It was decided that Project Bacon would be a one-week project, similar to a company hackathon where the entire engineering team would focus on how to save and reduce costs on their team. Like a hackathon, we brainstormed a list of ideas and projects for the teams to work on and let each engineer choose the team they wanted to be part of.

The brainstorming resulted in over 30 different savings opportunities that we organized into 8 different categories (or squads for teams to work on):

Object Storage and Cleanup

Object storage (S3) can easily become one of the largest cost drivers in your AWS account. As part of the project-bacon initiative, we had each team take a detailed look at its S3 usage and consider what data was necessary and what data could be cleaned up. In many of these cases, we found large data sets we could simply delete. In other cases, we applied lifecycle policy rules to clean up and delete data after a certain period of time. The combination of manual cleanup and lifecycle rules accounted for the majority of our cost savings during the initial project-bacon.

While it is best practice to create lifecycle rules on all of your important S3 prefixes there are times you either have so many prefixes to manage or you are not sure what the rules should be. In cases like this, you can opt to use the S3 Intelligent Access Tiering (IAT). When this tier is applied to your objects AWS will track how often your objects are accessed and attempt to keep them either in Standard or Infrequent Access to give you the best overall price.
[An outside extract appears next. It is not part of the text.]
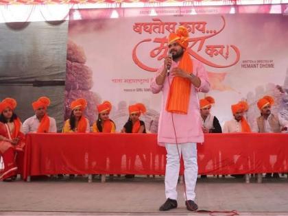 पंतप्रधान नरेंद्र मोदी यांच्या हस्ते छत्रपती शिवाजी महाराजांच्या भव्य स्मारकाचं भूमीपूजन नुकतंच झालं. ३६००० कोटी रुपये खर्चून हे स्मारक उभारण्याबरोबरच राज्यातील गडकिल्ल्यांचं संवर्धन करावं, असा सूर सोशल मीडियात दिसून येत आहे. या पार्श्वभूमीवर, गडकिल्ल्यांच्या संवर्धनाच्या विषयाला आणि शिवाजी महाराजांचं नाव वापरून केल्या जाणाऱ्या राजकारणाला वाचा फोडण्याचं काम बहुचर्चित 'बघतोस काय मुजरा कर' या चित्रपटातून केलं जाणार आहे. या चित्रपटाच्या ट्रेलरचं नुकतंच सिंहगडावर अनोख्या पद्धतीनं लोकार्पण करण्यात आलं. मराठी चित्रपटाच्या ट्रेलरचं लोकार्पण पहिल्यांदाच गडावर करण्यात आलं.

AWS charges a fee in order to keep track of this data but in general once this is applied you should start to realize savings after the first 30 days. We found that when we applied IAT to a bucket with more than 500 TB of Standard objects we saw a higher cost the first month as everything was being analyzed, but after the first month when the majority of objects were transitioned to infrequent access (IAT-IA) we saw approximately an 18% cost savings on that bucket.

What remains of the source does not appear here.